Here, we see what the schools (in subsection 1) and the associations and organizations (in subsections 1 and 2) cannot do when the athlete gets professional representation for contracts and the like in a pretty straightforward manner, aside from my earlier critiques, which mirrors Section 2.
Will this bill pass as-is? I like that it does not expressly limit the athletes’ market to third parties, which allows it to fit whatever structure of pseudo-amateurism the future of college sports holds since it could include something from the schools themselves down the road. I appreciate that it does not place additional requirements on the athletes, but drafting laws involves zealous advocacy with realistic negotiation and compromise in mind.
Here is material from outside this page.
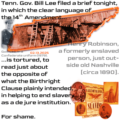 Out in Washington State, the State Government of… Tennessee has officially filed an amicus brief — to oppose the continuation of birthright citizenship. [Tangerine 2.0 has already lost on a preliminary injunction, so Gov. Lee’s brief is filed in the Ninth Cir., as part of the appeals.]
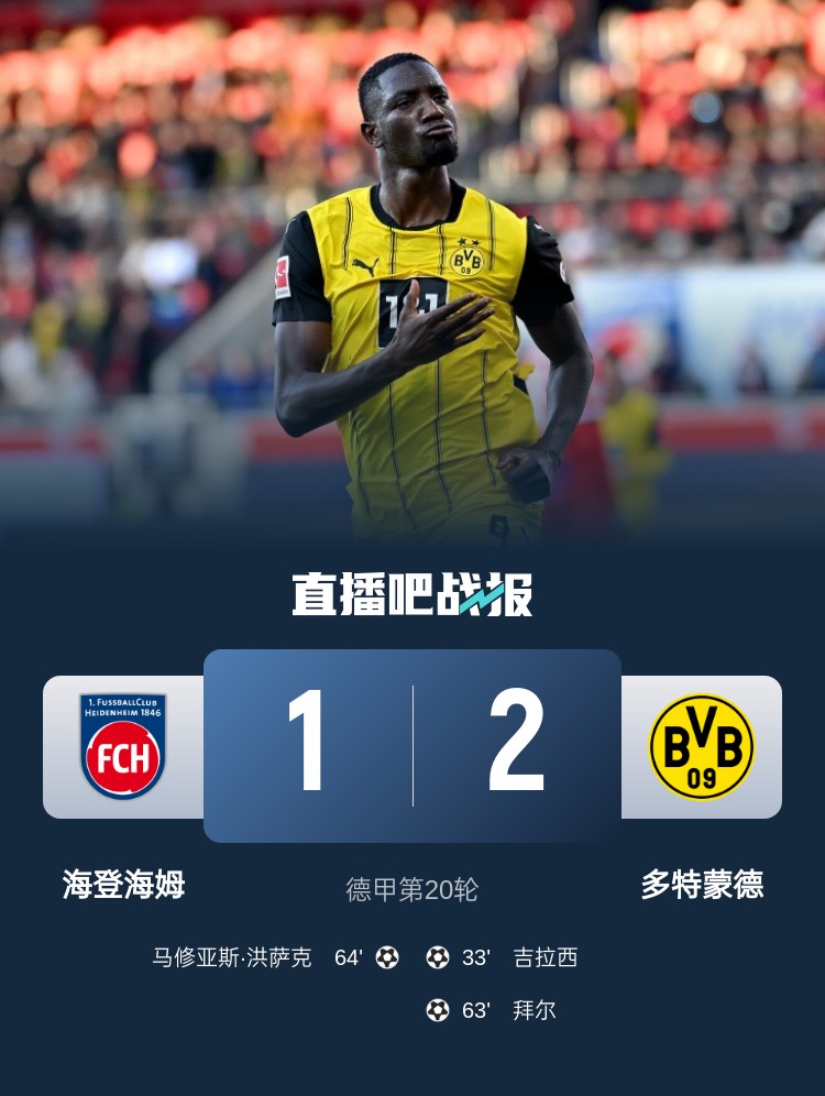 多特客場2-1擊敗海登海姆,結(jié)束4輪不勝。

In order to appease the pro-“amateurism” crowd and NCAA lobbyists, I would not be surprised if requirements such as informing the institution when the athlete obtains professional representation, who that representation is, what are the types and terms of NIL compensation so that (a) we as market players can better understand the existing market for college athletes’ publicity and see where it can go for their best interests, and (b) the governing bodies can reasonably anticipate and identify with proof any actcual red flags of people taking advantage of athletes to act in the athletes’ best interests (while, let’s face it, probably finding a way to profit itself).
Like any bill, it will likely get revised as it moves through the legislative process, but considering both republicans and democrats are behind this bill’s purpose, I believe Michigan will have a law protecting college athletes’ right of publicity allowing them to seek compensation for their name, image, and likeness in the near future.